Just then Mr Deeds came cantering down the corridor all of a lather, saying, ‘Five minutes, Phil, five. C'mon, hustle it up. Get your dad and the Wolverines. No farting around. Move it.'

‘Yeah, yeah,' Phil said, and wandered away like a kid going to school.

‘No respect,' Mr Deeds muttered. ‘That kid's got no sodding respect.'

Then he saw me and said, ‘Where's that friend of yours, Eva? She ain't shown up yet and if she don't she'll wreck everything.'

I was getting a bit choked with him keeping on pestering me about Goldie so I said nothing.

‘I don't know about girls nowadays,' he said. ‘Do them a favour and they kick you in the teeth.'

He stood there fuming and I went off to find a bog. I didn't have one in my broom cupboard. Sherry-Lee Lewis would have one in her dressing-room but I didn't feel like tapping on her door and asking if I could use it. I was going to scurf the crap out of her so I didn't
want to ask for any favours. You have to mind your manners with big stars.
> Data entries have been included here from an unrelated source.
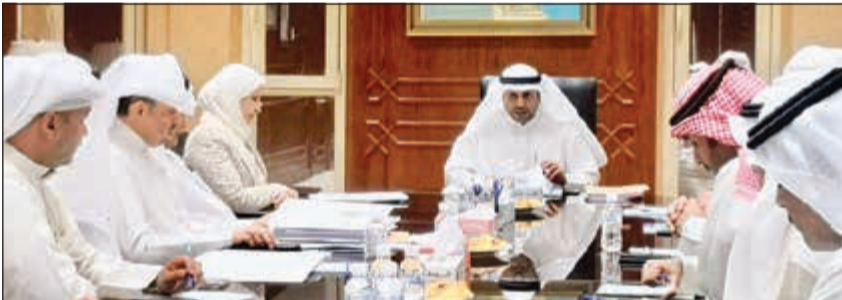
وزير الإعلام ووزير الدولة لشؤون الشباب خلال اجتماعه مع قيادات الإعلام

وحماية المال العام. وكما شدد وزير الإعلام ووزير الدولة لشؤون الشباب على جدية متابعة أي تأخير ومساعدة المتسببين فيه أياً كانت مراكزهم.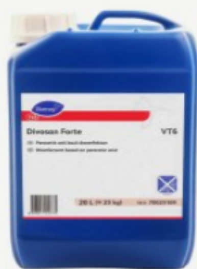
Divosan Forte VT6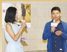
年輕新銳導演分享拍攝歷程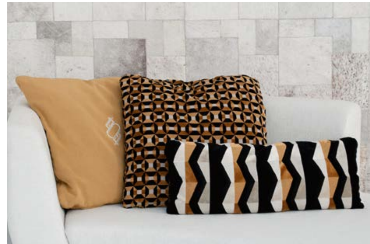
Almohadilla 70x70 (izquierda) en tela Avance CA1364/020 (S.8). Almohadilla 70x70 (centro) en terciopelo con motivos geometricos Avant-Garde CA1362/020 (S.8). Almohadilla 30x75 (derecha) en tela Avant la lettre CA1365/020 (S.9).

Pillow 70x70 (left) in fabric Axum C/31 (S.6). Pillow 35x60 (center) in fabric BW 1017 F0890/01 (S.9). Pillow 35x60 (right) in fabric Chobe 7743 C/07 (S.8).

The trouble is, see, that the men hog all the facilities and sometimes you have to search for ages to find somewhere you can pee in private. They expect women to have cast-iron bladders even on a cold night, and that ain't fair. Maybe when I'm rich and famous I'll complain. It's no earthly good complaining when you're not rich and famous because they just tell you to put a cork in it and that narks you off even worse.